### WORK ITEM
Starting with the line that holds "- Choose navy" and stopping after the line that holds "Embroidered cross application", repeat the lines below word for word, without the pictures.

[AVAILABLE DATA]

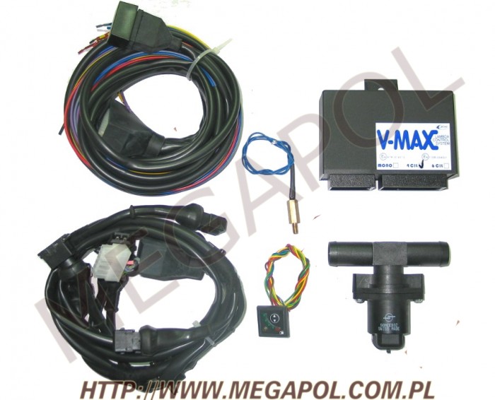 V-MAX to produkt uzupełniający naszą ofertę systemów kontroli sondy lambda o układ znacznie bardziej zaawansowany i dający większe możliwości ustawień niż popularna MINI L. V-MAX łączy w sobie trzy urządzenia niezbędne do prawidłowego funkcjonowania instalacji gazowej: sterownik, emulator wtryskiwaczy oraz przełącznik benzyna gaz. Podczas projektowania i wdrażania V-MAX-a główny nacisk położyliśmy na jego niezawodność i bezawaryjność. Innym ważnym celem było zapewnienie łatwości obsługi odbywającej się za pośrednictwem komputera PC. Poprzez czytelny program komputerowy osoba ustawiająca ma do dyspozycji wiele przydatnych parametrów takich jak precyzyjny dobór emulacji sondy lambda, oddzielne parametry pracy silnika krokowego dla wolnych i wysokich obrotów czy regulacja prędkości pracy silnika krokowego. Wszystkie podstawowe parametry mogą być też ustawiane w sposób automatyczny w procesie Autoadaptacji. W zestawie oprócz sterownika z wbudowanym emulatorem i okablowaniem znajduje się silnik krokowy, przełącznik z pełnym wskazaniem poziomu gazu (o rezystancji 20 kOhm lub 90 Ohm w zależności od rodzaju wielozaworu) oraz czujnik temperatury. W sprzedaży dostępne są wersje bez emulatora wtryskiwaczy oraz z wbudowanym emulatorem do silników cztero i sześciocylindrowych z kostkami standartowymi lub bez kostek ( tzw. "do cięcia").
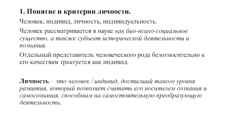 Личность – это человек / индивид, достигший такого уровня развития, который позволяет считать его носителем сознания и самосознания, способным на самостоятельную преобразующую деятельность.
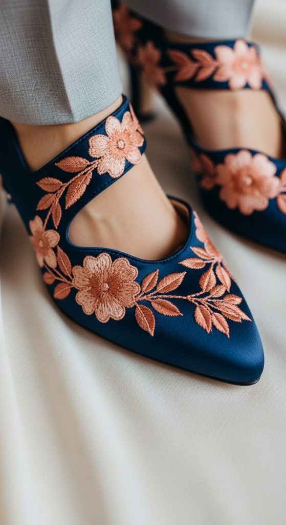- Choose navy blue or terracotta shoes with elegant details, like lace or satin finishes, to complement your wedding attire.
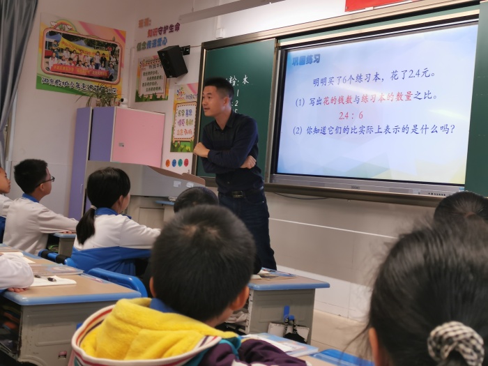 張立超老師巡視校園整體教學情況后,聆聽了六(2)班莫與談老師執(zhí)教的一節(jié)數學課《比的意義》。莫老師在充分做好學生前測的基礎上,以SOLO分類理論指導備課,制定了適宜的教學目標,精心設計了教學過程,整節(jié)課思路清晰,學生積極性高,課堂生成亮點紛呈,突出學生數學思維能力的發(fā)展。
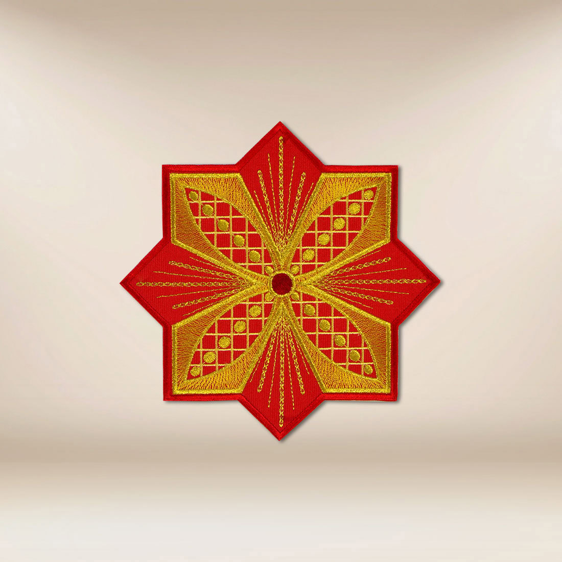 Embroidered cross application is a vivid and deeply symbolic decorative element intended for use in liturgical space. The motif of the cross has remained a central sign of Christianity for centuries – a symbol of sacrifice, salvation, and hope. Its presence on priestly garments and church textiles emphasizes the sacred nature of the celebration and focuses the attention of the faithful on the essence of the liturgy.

[/AVAILABLE DATA]
[AVAILABLE DATA]

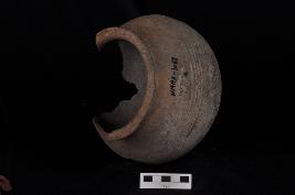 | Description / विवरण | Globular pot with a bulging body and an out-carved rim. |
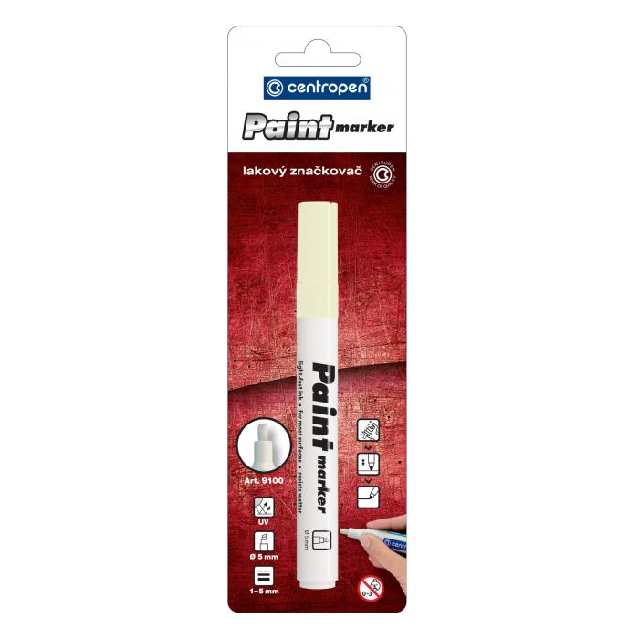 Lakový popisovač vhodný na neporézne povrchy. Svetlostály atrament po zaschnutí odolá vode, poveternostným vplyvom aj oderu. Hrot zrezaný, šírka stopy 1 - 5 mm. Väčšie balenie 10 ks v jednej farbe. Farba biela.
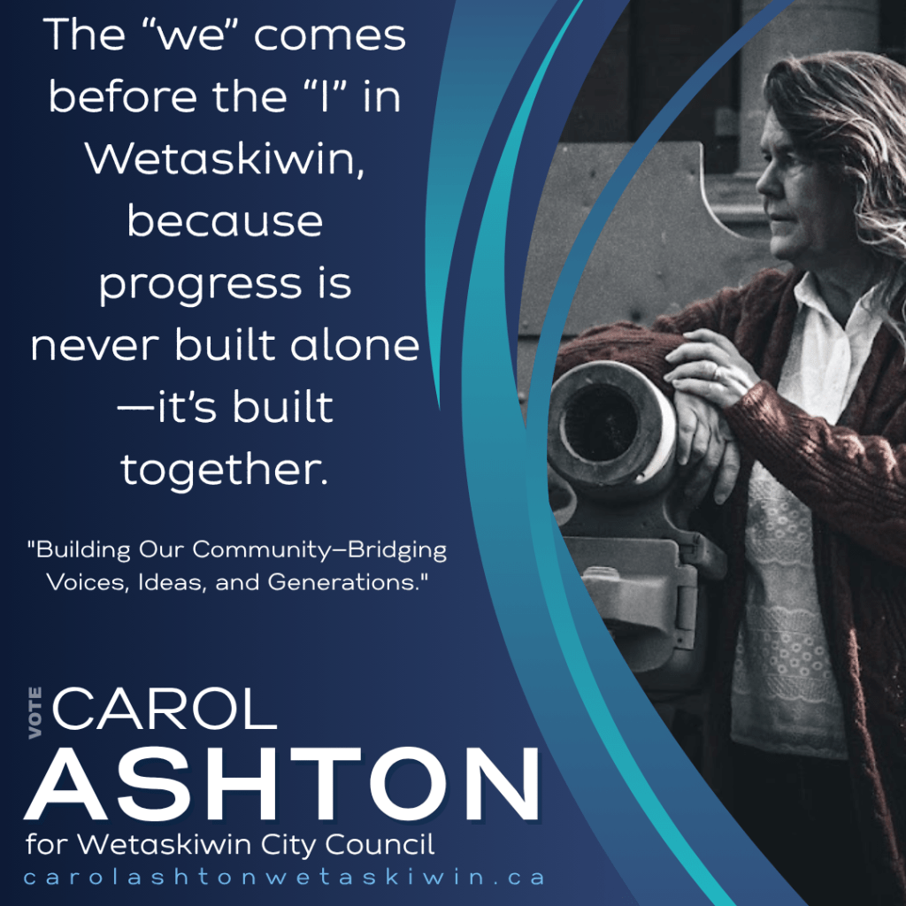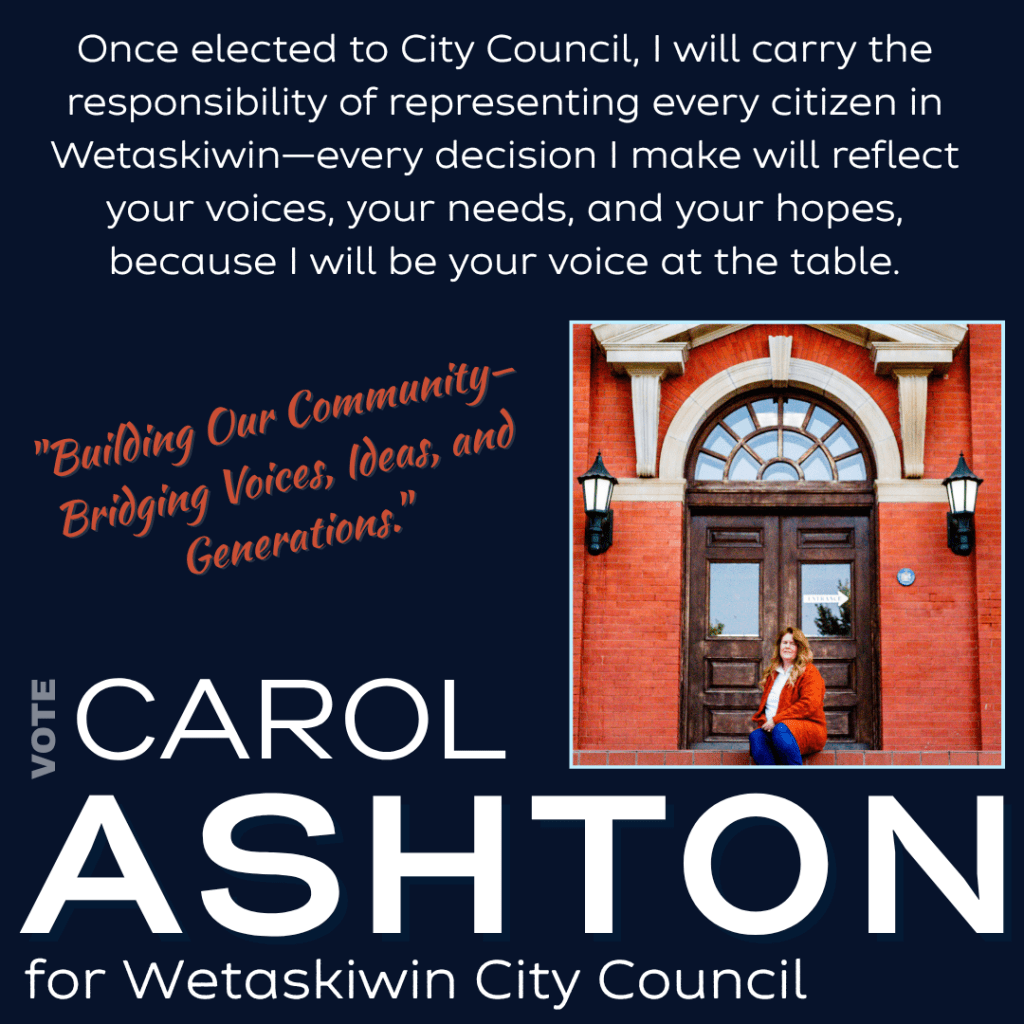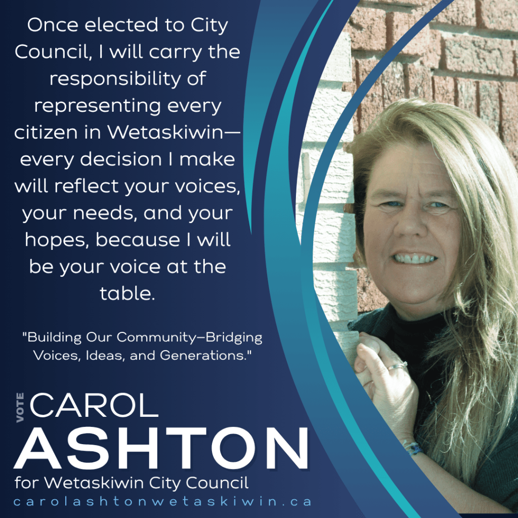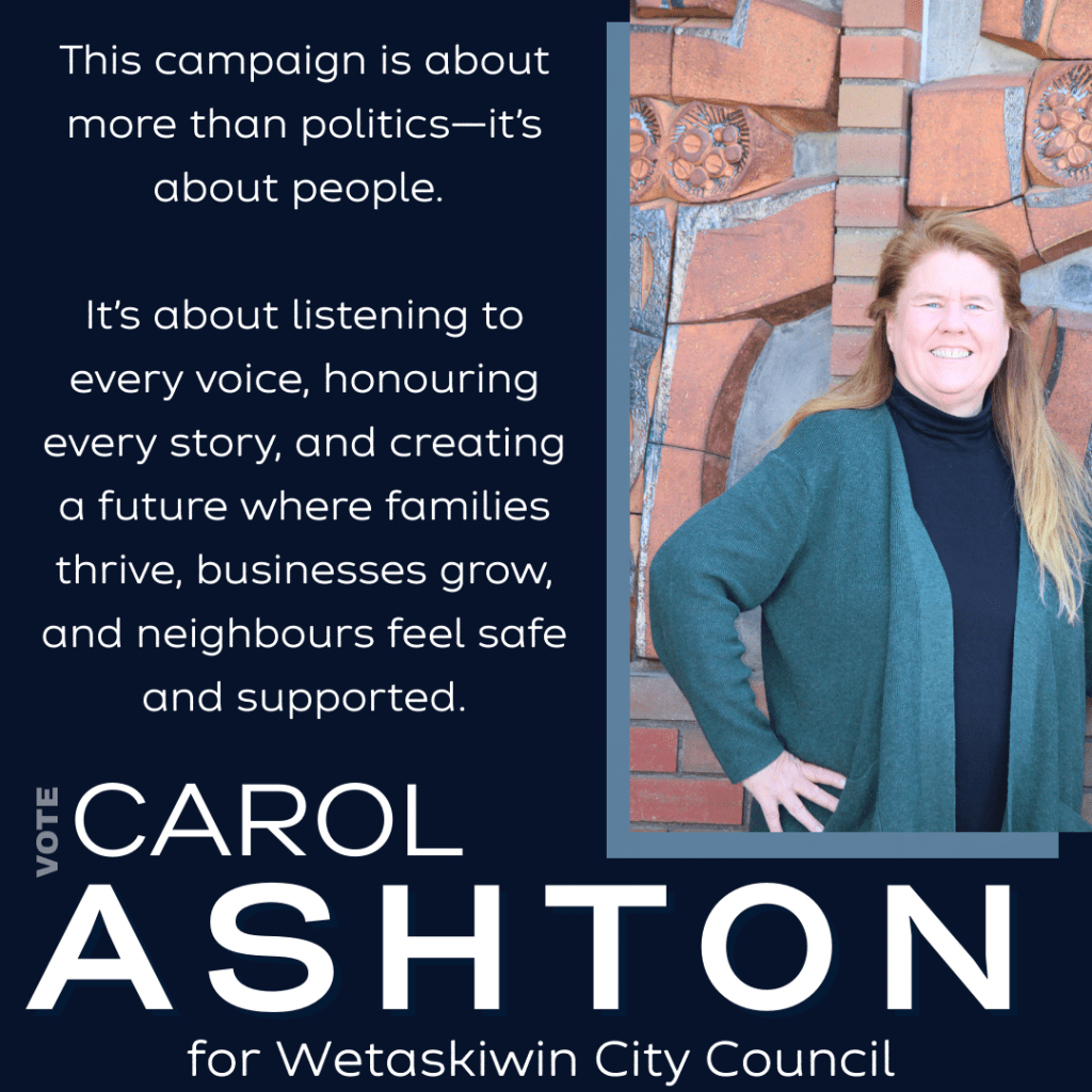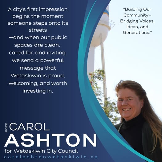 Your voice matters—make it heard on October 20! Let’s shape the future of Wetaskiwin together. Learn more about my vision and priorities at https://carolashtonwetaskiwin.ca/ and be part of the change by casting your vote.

[/AVAILABLE DATA]

### REPLY
- Choose navy blue or terracotta shoes with elegant details, like lace or satin finishes, to complement your wedding attire.
 張立超老師巡視校園整體教學情況后,聆聽了六(2)班莫與談老師執(zhí)教的一節(jié)數學課《比的意義》。莫老師在充分做好學生前測的基礎上,以SOLO分類理論指導備課,制定了適宜的教學目標,精心設計了教學過程,整節(jié)課思路清晰,學生積極性高,課堂生成亮點紛呈,突出學生數學思維能力的發(fā)展。
 Embroidered cross application is a vivid and deeply symbolic decorative element intended for use in liturgical space. The motif of the cross has remained a central sign of Christianity for centuries – a symbol of sacrifice, salvation, and hope. Its presence on priestly garments and church textiles emphasizes the sacred nature of the celebration and focuses the attention of the faithful on the essence of the liturgy.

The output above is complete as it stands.